• YOUR OBJECTIVE
Each line below needs to be returned exactly. Skip any picture.

··· EXERCISE DATA ···

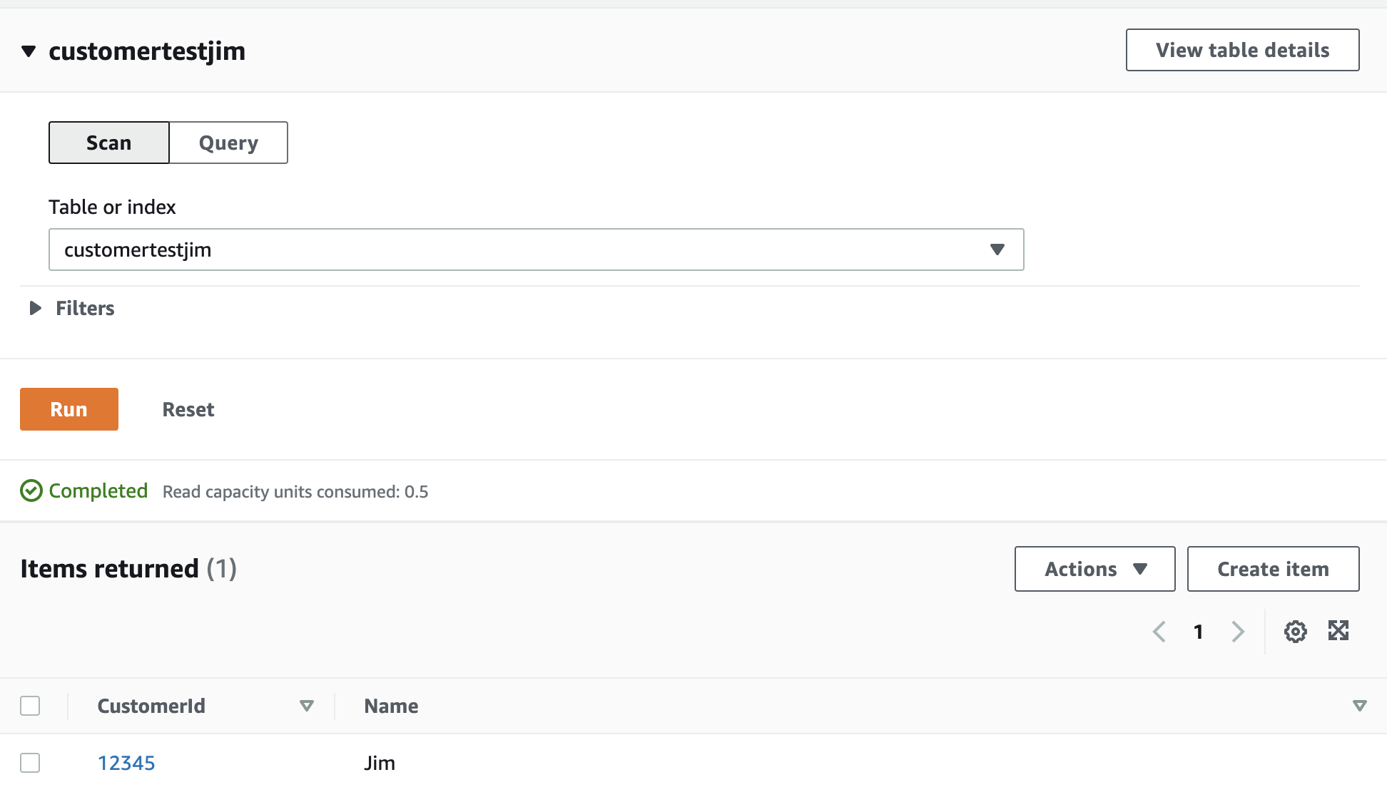 I just manually inserted an item through the AWS portal. Once that is done, all I have in my table is one record with two attributes, CustomerId and Name:
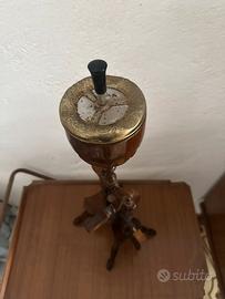 Vendo posacenere vintage da terra in legno, con struttura decorativa e contenitore superiore completo di meccanismo manuale.
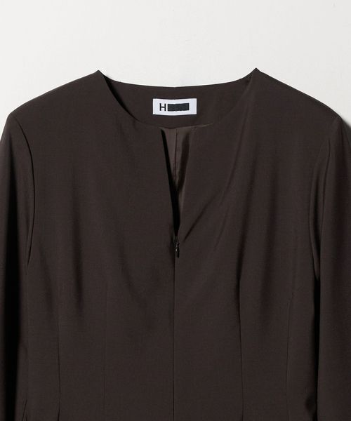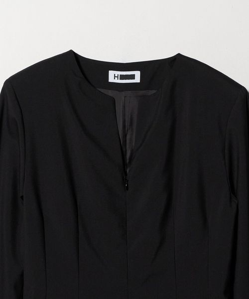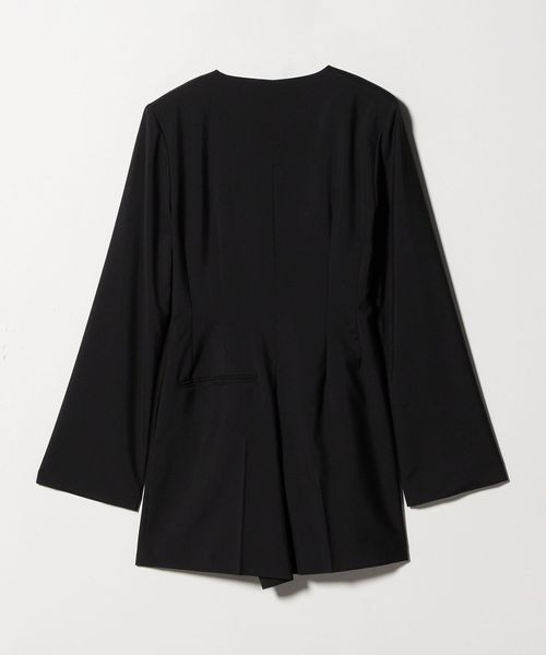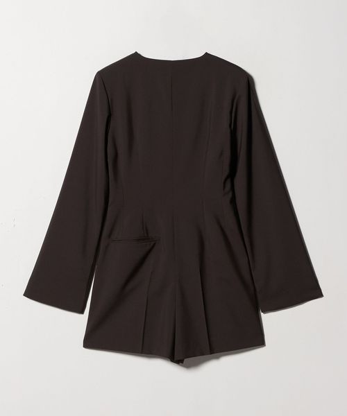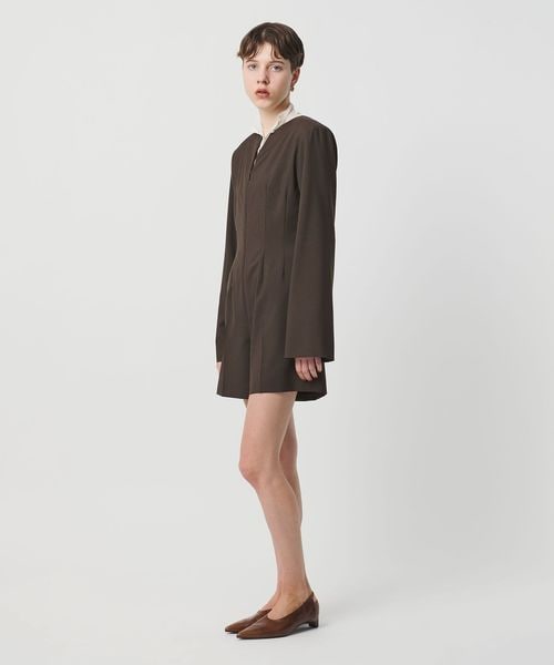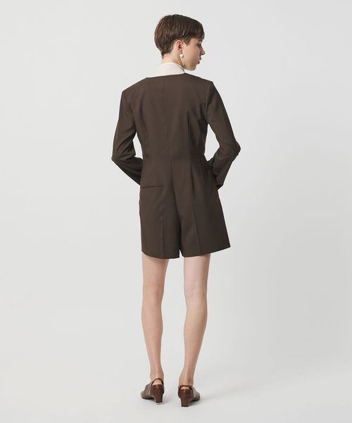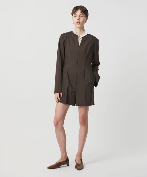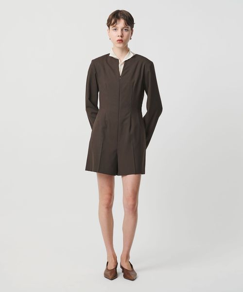 肩パッドでニュアンスをつけた、構築的なシルエットが魅力のオールインワンです。軽快なショートレングスに、ロングスリーブのボディバランスが新鮮な一着。スリットネック、コンシールファスナーのミニマルなフロントに、ダーツでウエストを絞ったフェミニティなデザイン。フォルムにこだわった繊細なディテールが、さりげなくも印象的な装いを叶えます。ポリエステル×毛素材のさらりとした肌触りでレイヤードもしやすく、オールシーズン大活躍。ショート丈アウターとの組み合わせや、ハードなレザーアイテムとも好相性です。オールインワンならではのカジュアルなフィーリングがほどよい抜け感を与え、自由で飾らない大人のアーバンスタイルへと導きます。
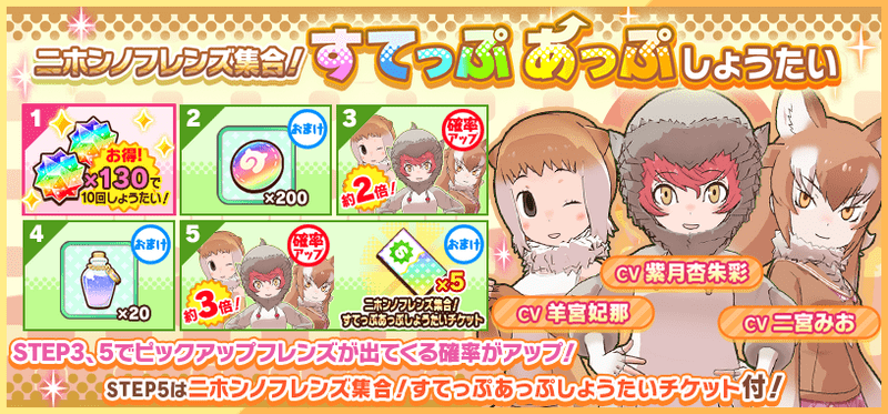 通常のすぺしゃるすてっぷあっぷにおいて、最終ステップで入手できる「ニホンノフレンズ集合!すてっぷあっぷしょうたいチケット」を15枚集める事で任意のピックアップフレンズ確定ガチャを引くことができます。

···

• ANSWER AREA
 I just manually inserted an item through the AWS portal. Once that is done, all I have in my table is one record with two attributes, CustomerId and Name:
 Vendo posacenere vintage da terra in legno, con struttura decorativa e contenitore superiore completo di meccanismo manuale.
 肩パッドでニュアンスをつけた、構築的なシルエットが魅力のオールインワンです。軽快なショートレングスに、ロングスリーブのボディバランスが新鮮な一着。スリットネック、コンシールファスナーのミニマルなフロントに、ダーツでウエストを絞ったフェミニティなデザイン。フォルムにこだわった繊細なディテールが、さりげなくも印象的な装いを叶えます。ポリエステル×毛素材のさらりとした肌触りでレイヤードもしやすく、オールシーズン大活躍。ショート丈アウターとの組み合わせや、ハードなレザーアイテムとも好相性です。オールインワンならではのカジュアルなフィーリングがほどよい抜け感を与え、自由で飾らない大人のアーバンスタイルへと導きます。
 通常のすぺしゃるすてっぷあっぷにおいて、最終ステップで入手できる「ニホンノフレンズ集合!すてっぷあっぷしょうたいチケット」を15枚集める事で任意のピックアップフレンズ確定ガチャを引くことができます。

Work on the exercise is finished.